REQUIREMENT: Starting with the line that contains "Dengshitang lm2596 regulated", return every line through the end of the listing below exactly as written. Omit the pictures.

[GIVEN INFORMATION]

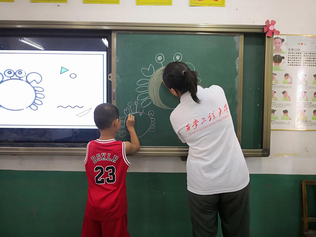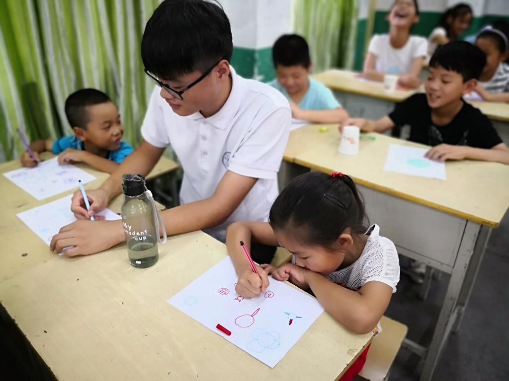 绘画课要开始了,实践队员们为孩子们分发了提前准备的纸张和彩笔,看到绘画课能够让这些平时美术课形同虚设的孩子们体验到绘画的乐趣,实践队员们从心里为这些孩子高兴。由于孩子们的层次不一,实践队员们从简单的图形入手,让孩子们根据圆形和正方形联想可以画出的东西,当问到有没有小朋友可以上讲台画的时候,孩子们争先恐后的举起了自己的小手,他们的眼睛都在说着“让我来画”,整个课堂气氛异常活跃。孩子们天马行空的想象力让实践队员们感到惊讶,大抵是无忧无虑的童年让他们保持了那份童真,才使得他们的想象力如此丰富。祝愿他们在以后的每一天都可以这样开心,快乐下去。
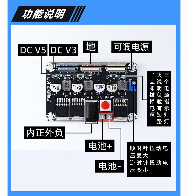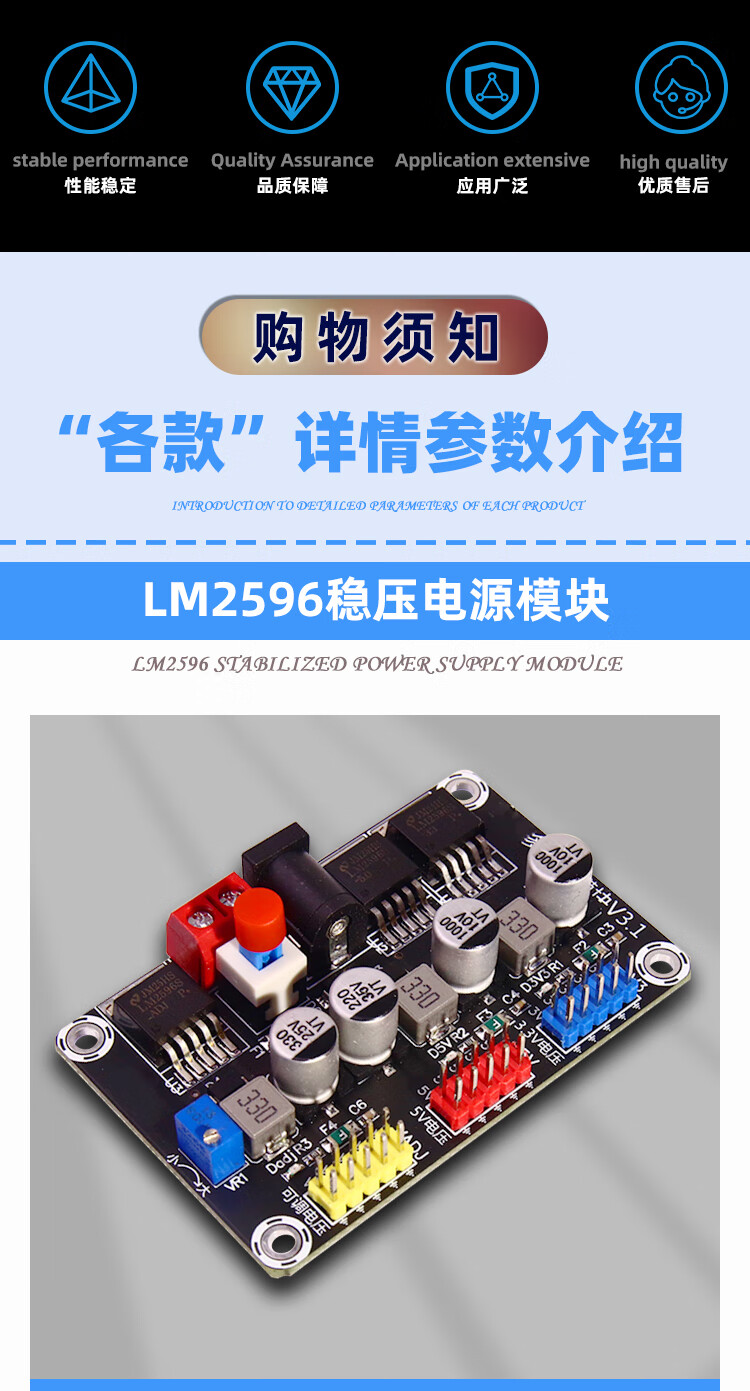 Dengshitang lm2596 regulated power supply module dc3.3V dc5V DC adjustable multi-voltage electric racing smart car power supply standby LM2596 adjustable power module (with shell)
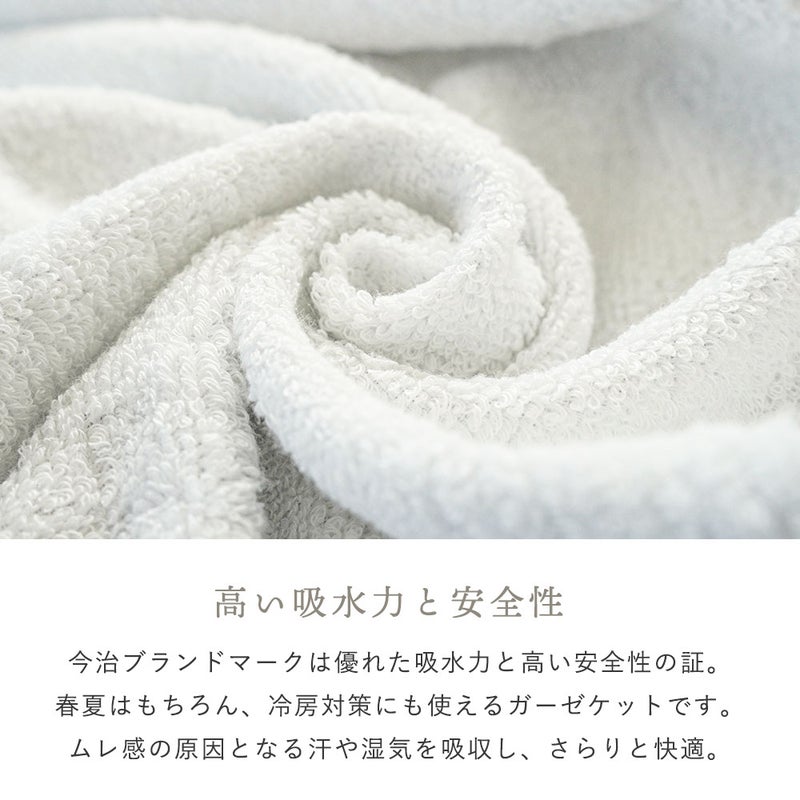 今治ブランドマークは優れた吸水力と高い安全性の証。春夏はもちろん、冷房対策にも使えるガーゼケットです。ムレ感の原因となる汗や湿気を吸収し、さらりと快適。

[/GIVEN INFORMATION]

SOLUTION:
 Dengshitang lm2596 regulated power supply module dc3.3V dc5V DC adjustable multi-voltage electric racing smart car power supply standby LM2596 adjustable power module (with shell)
 今治ブランドマークは優れた吸水力と高い安全性の証。春夏はもちろん、冷房対策にも使えるガーゼケットです。ムレ感の原因となる汗や湿気を吸収し、さらりと快適。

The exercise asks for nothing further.